Secure Programming for Linux HOWTO: Background

2. Background

2.1 Linux and Open Source Software

In 1984 Richard Stallman's Free Software Foundation (FSF) began the GNU project, a project to create a free version of the Unix operating system. By free, Stallman meant software that could be freely used, read, modified, and redistributed. The FSF successfully built many useful components but was having trouble developing the operating system kernel [FSF 1998]. In 1991 Linus Torvalds began developing an operating system kernel, which he named ``Linux'' [Torvalds 1999]. This kernel could be combined with the FSF material and other components producing a freely-modifiable and very useful operating system. This paper will term the kernel itself the ``Linux kernel'' and an entire combination as ``Linux'' (many use the term GNU/Linux instead for this combination).

Different organizations have combined the available components differently.
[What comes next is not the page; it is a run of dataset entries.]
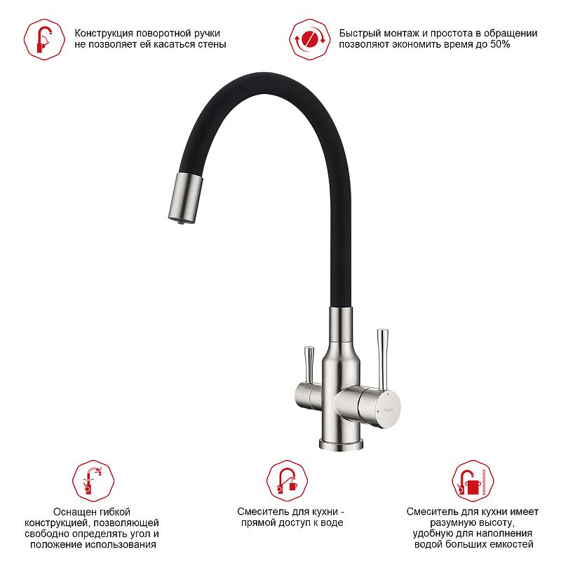 Смеситель для кухни Raglo R81.64.05 с подключением фильтра сатин купить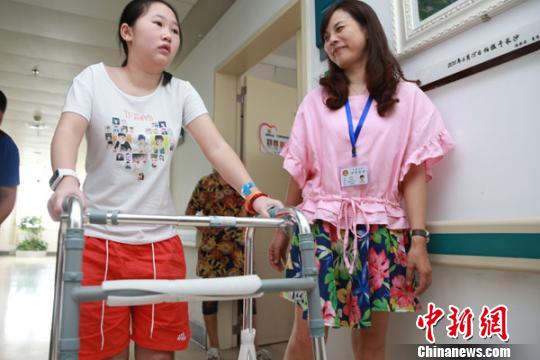 小美玲能使用助行器进行短距离行走。 罗闻 摄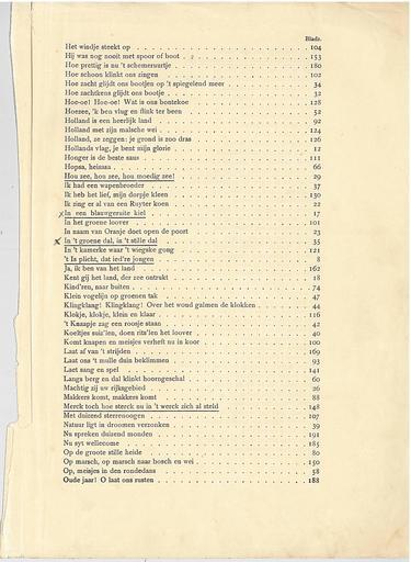 Keywords: Inhoud pagina 2.jpg Kun je nog zingen zing dan mee Muziek en teksten origineel gepubliceerd voor 1900 own 1915 author PD-old Kun je nog zingen zing dan mee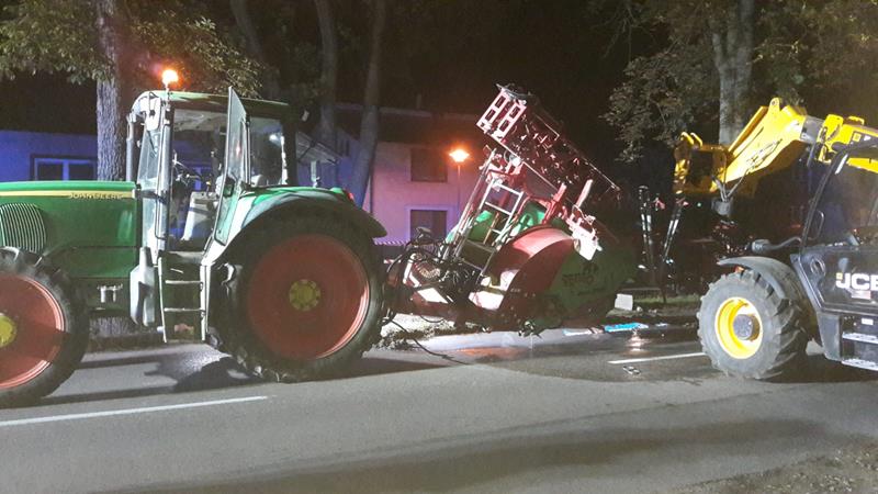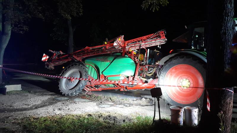 Ratownicy pracujący w strefie przepompowali ciecz z uszkodzonego opryskiwacza do drugiego podstawionego opryskiwacza.

Each combination is called a ``distribution,'' and the organizations that develop distributions are called ``distributors.'' Common distributions include Red Hat, Mandrake, SuSE, Caldera, Corel, and Debian. This paper is not specific to any distribution; it does presume Linux kernel version 2.2 or greater and the C library glibc 2.1 or greater, which are valid assumptions for essentially all current major Linux distributions.
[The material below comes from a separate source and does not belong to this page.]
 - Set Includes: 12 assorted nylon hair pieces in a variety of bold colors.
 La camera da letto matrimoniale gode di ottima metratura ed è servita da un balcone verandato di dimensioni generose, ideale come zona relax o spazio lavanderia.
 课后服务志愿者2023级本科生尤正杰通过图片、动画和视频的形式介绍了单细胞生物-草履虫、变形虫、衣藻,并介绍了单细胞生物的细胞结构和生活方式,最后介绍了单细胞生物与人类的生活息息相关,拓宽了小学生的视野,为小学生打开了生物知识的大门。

Increased interest in such ``free software'' has made it increasingly necessary to define and explain it. A widely used term is ``open source software,'' which further defined in [OSI 1999]. Eric Raymond [1997, 1998] wrote several seminal articles examining its development process.

Linux is not derived from Unix source code, but its interfaces are intentionally Unix-like. Therefore, Unix lessons learned apply to Linux, including information on security. Much of the information in this paper actually applies to any Unix-like system, but Linux-specific information has been intentionally added to enable those using Linux to take advantage of its capabilities. This paper intentionally focuses on Linux systems to narrow its scope; including all Unix-like systems would require an analysis of porting issues and other systems' capabilities, which would have greatly increased the size of this document.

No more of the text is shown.